Furthermore, this embodiment requires simpler manufacturing
processes enabling a reduction in manufacturing costs.
Second Embodiment
[0041] The light for the reflective pixel comes from the
environmental light and the light for the transmissive pixel comes
from the backlight, so the spectrums of the environmental light and
the backlight are usually different, as illustrated in the
spectrums of FIG. 5. A spectrum 501 is a backlight spectrum and a
spectrum 502 is an environmental light spectrum wherein spectrum
502 changes with a change of the spatiotemporal environment.
[0042] With regard to the transmissive pixel and the reflective
pixel needing to simultaneously display the same gray level, the
displayed brightness of the transmissive pixel is substantially
different from the displayed brightness of the reflective pixel
because the light source spectrums of the transmissive pixel and
the reflective pixel are different from each other. Consequently,
some specific black-and-white brightness or color, which is to be
displayed in the frame, is influenced by the environmental light of
the reflective pixel and is thus distorted. Further, the spectrum
of the environmental light changes with the spatiotemporal
environment, making the problem of color or brightness distortion
more serious.
[0043] FIG. 6 is a block diagram illustrating a transflective LCD
module according to a second embodiment of the invention, wherein a
transmissive pixel 603 receives a transmissive pixel voltage Vt
outputted from a driving circuit 602, and the backlight, emitted
from a backlight source, passes through the transmissive pixel 603
at a transmittance rate related to the transmissive pixel voltage
Vt.
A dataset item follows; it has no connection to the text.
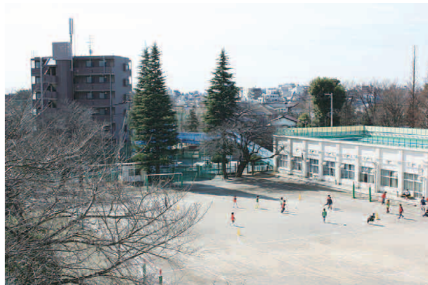
屋上の芝生広場では、東には東京スカイツリー、西には富士山と、シンボリックな風景を見ることができます。

新青梅街道と旧早稲田通りの交差点のすぐそばにある小学校で、区内の学校としては最北に位置しています。周辺は低層の住宅街ですが、街道沿いには背の高いマンションなどもちらほら見えます。校舎3階の窓から見渡すと、大きなヒラヤスキ越しに、街道を挟んで南側に広がる低層住宅、さらに奥には西武新宿線沿いのマンション群が見えます。

A reflective pixel 604 receives the reflective pixel voltage Vr
outputted from the driving circuit 602, and the environmental light
emitted from the environmental light source passes through the
reflective pixel 604 at a transmittance rate related to the
reflective pixel voltage Vr.
[0044] This embodiment is distinguished from the first embodiment
in that the transflective LCD module of the second embodiment has a
photosensor unit 601, which is electrically connected to a driving
circuit 602. This driving circuit includes a data driver, a scan
driver and a timing controller. The photosensor unit 601 senses a
spectrum of the environmental light emitted from the environmental
light source. The driving circuit 602 adjusts the original gray
level corresponding to the reflective pixel 604 into a corrected
gray level according to a compared result between the spectrum
sensed by photosensor unit 601 and the spectrum of the backlight
source so that a same brightness as that of the transmissive pixel
603 can be displayed, and the voltage for controlling the
reflective pixel can be generated according to the adjusted gray
level. Consequently, when the transmissive pixel 603 and the
reflective pixel 604 simultaneously display the brightness
corresponding to the original gray level, the displayed brightness
of the transmissive pixel 603 and the displayed brightness of the
reflective pixel 604 can be made substantially equal to each other
by generating the transmissive pixel voltage Vt corresponding to
the original gray level and by generating the reflective pixel
voltage Vr corresponding to the adjusted gray level.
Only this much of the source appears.